— Плевать, — сказал Абдул. — В ремеслуху пойдет. У меня брат…
Тут я приспустился на шесте, стал качаться потише. У меня вдруг прорезался непостижимый интерес к «ремеслухе». Да и про Мишкиного брата, Абдула-старшего, стоило послушать. Три года назад он уехал в Челябинск в ремесленное училище и потом появлялся несколько раз в селе в форме ремесленника и все более и более делался городским, а прошлый год приехал уже без формы, в шелковой рубашке с закатанными рукавами и при часах. По этому случаю несколько взрослых парней решили его побить, так уж они сочли необходимым. Вскоре всем на той вечеринке стало известно, что сегодня будут Абдула-старшего бить. Парни — из тех, кто не дорос до армии в последний военный год, — собрались кучкой: видно, решали, кто первый пойдет и врежет ему по уху. Все решала абдуловская хитрость: надо было по правилам ему собрать двух-трех приятелей, потом отойти, вроде как покурить, и потом уже одному Абдулу отделиться и что есть духу чесать домой; никто бы его не осудил. Но не нашлось у Мишкиного брата двух-трех приятелей; и он, к всеобщему восхищению, снял демонстративно часы, положил их в карман, а потом стал подходить к совещающимся: «О чем интересном разговор, ребята?» Так ничего и не получилось, а у нас, пацанов, стало одним героем больше.

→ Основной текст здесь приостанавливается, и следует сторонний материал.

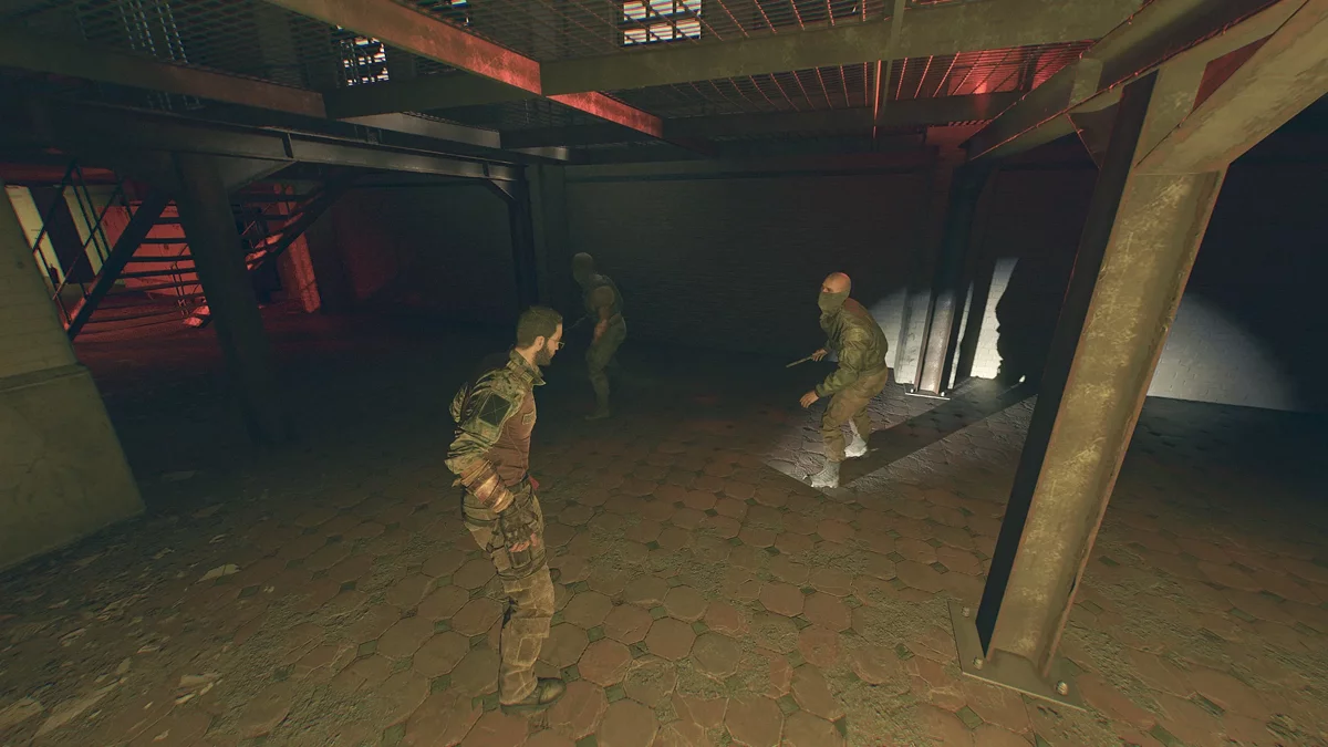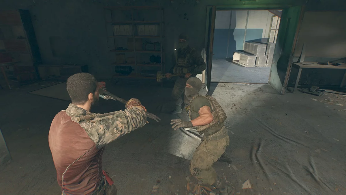 Зайдите в здание через главный вход и увидите, как пленных грузят в грузовик, однако в этот момент на Кайла нападут со спины. Теперь нужно отбиваться от семи стрелков, двух громил и шести бойцов.

Мы немного поговорили о «ремеслухе», Мишка Абдул сказал, что он, если надо, брату напишет и тот устроит меня в самолучшее место. Потом Мишка и Пыч ушли, а мы с Валькой Сонным остались вдвоем, потому что были друзьями.
С Валькой Сонным было хорошо. Особенно когда надо было обсудить коренные вопросы жизни, потому что Сонный Валька умел задумчиво моргать своими поросячьими ресницами и отвечать не спеша, что и придавало нужную солидность разговору. Кроме того, Валька категорически не курил, даже пробовать не хотел, настолько категорически, что его даже дразнили за это. В общем я считал его правильным парнем, не чета Мишке или Пычу.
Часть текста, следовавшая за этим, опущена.